Below are the results of performance testing comparing performance of Fedora-based applications with real-world data.
Ingesting a large book with 1000 100MB TIFF images, repeated with Fedora 4.5.1 release (based on Modeshape 4), and the experimental Modeshape 5 branch (in both cases, Fedora was configured to use the PostgreSQL database object store). Durations are reported as HH:MM:SS, for batches of 100 images loaded using Princeton's Hydra head, Plum.
|Batch||Duration (Modeshape4)||Duration (Modeshape5)||Improvement|
Retrieving Objects With Many Links to Repository Objects
Compared to objects with a large number of literal properties or URI properties, objects with a large number of links to repository objects are much slower. E.g., an object with 10,000 properties where the objects are literals or non-repository URIs can be retrieved in 200 milliseconds, but an object with 10,000 properties where the objects are repository objects takes 7-36 seconds, depending on the settings, storage backend, etc.
There are also significant differences between LevelDB and PostgreSQL/MySQL backends, with LevelDB being much faster: 7-10 seconds as opposed to 30+ seconds for the object with 10,000 links to repository objects.
See test scripts.
Testing initially focused on:
- using properties explicitly set on the object, as compared to IndirectContainers
- debugging the RDF-generation code that produces the IndirectContainer triples
- running under Tomcat instead of Jetty
However, those do not appear to significantly impact performance. So the process of looking up which node a proxy points to and converting the node reference to a URI seem to be the problem. The process is:
- List the children of a direct container and load each node.

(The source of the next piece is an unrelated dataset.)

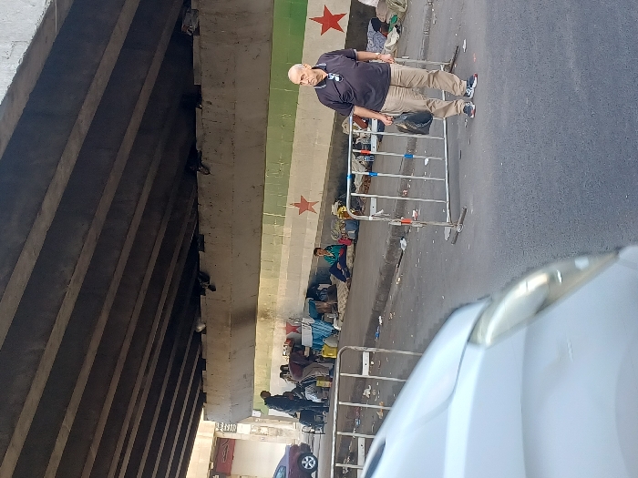 This image depicts a scene under an urban underpass in Sarouja Municipality, Syria. The overhead structure consists of concrete beams. A concrete retaining wall beneath the underpass is painted with horizontal green, white, and black stripes, featuring two prominent red five-pointed stars. In the immediate foreground, the front bumper and headlight of a white vehicle are partially visible on the left. On the asphalt road to the right of center, a bald, middle-aged man in a dark polo shirt, khaki pants, and dark athletic shoes stands facing left, holding a dark bag. Several white metal crowd control barriers are positioned along the edge of the asphalt and sidewalk, with one lying horizontally. Along the sidewalk beneath the underpass, a makeshift encampment is present. Multiple individuals are visible: one person stands on the far left, partially obscured; another is seated or crouched amidst an assortment of personal belongings including blankets, bags, and plastic containers. Further to the right, a person wearing a green top and dark pants is seated on a blanket. A fourth individual is lying down on the sidewalk to the far right. The area surrounding the encampment on both the sidewalk and road is littered with debris. In the background on the left, a dark red sedan is visible. The scene is illuminated by natural light.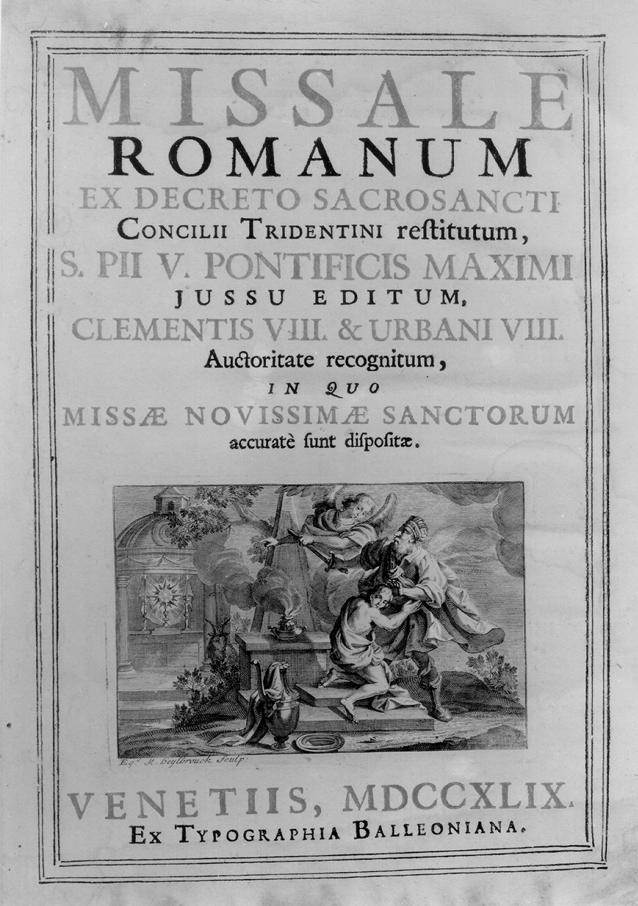 • NOTIZIE STORICO CRITICHE La stampa presenta un'immagine piuttosto articolata di questo soggetto il cui intento è esplicitamente devozionale. Il sacrificio di Isacco, infatti, è associato all'immagine dell'ostia consacrata nell'ostensorio che l'angelo indica ad Abramo nel momento stesso in cui sta per uccidere il figlio. Questo tipo di immagine devozionale è assai comune nella cultura artistica di questo tipo di libro liturgico. L'autore identificato con Michael Heylbrouck è attivo in Italia come incisore nella prima metà del XVIII secolo entro comunque il 1733, suo anno di morte. L'editore-stampatore che pubblicò il messale nel 1749 ha quindi utilizzato vecchie matrici di stampa

- Load the node the proxyFor property points to.
- Convert the member node to a URI.
Each of these steps is reasonably fast (~1msec). But as the number of members grows, even 3 msec per member eventually adds up. For example, a collection with 10,000 members would take 30 seconds.
Some possible options for improving performance include:
- Caching nodes: this can improve the time to look up the member node and convert it to a URI.
- Using properties explicitly set on the collection object instead of proxies: this can eliminate the extra node lookup for loading the proxy node.
- Using Modeshape's internal query functionality: in theory this could be more efficient than iterating over the proxies. However, it appears that Modeshape uses the database as a document store, and so winds up loading all of the members anyway, with performance very similar to just iterating over all the children.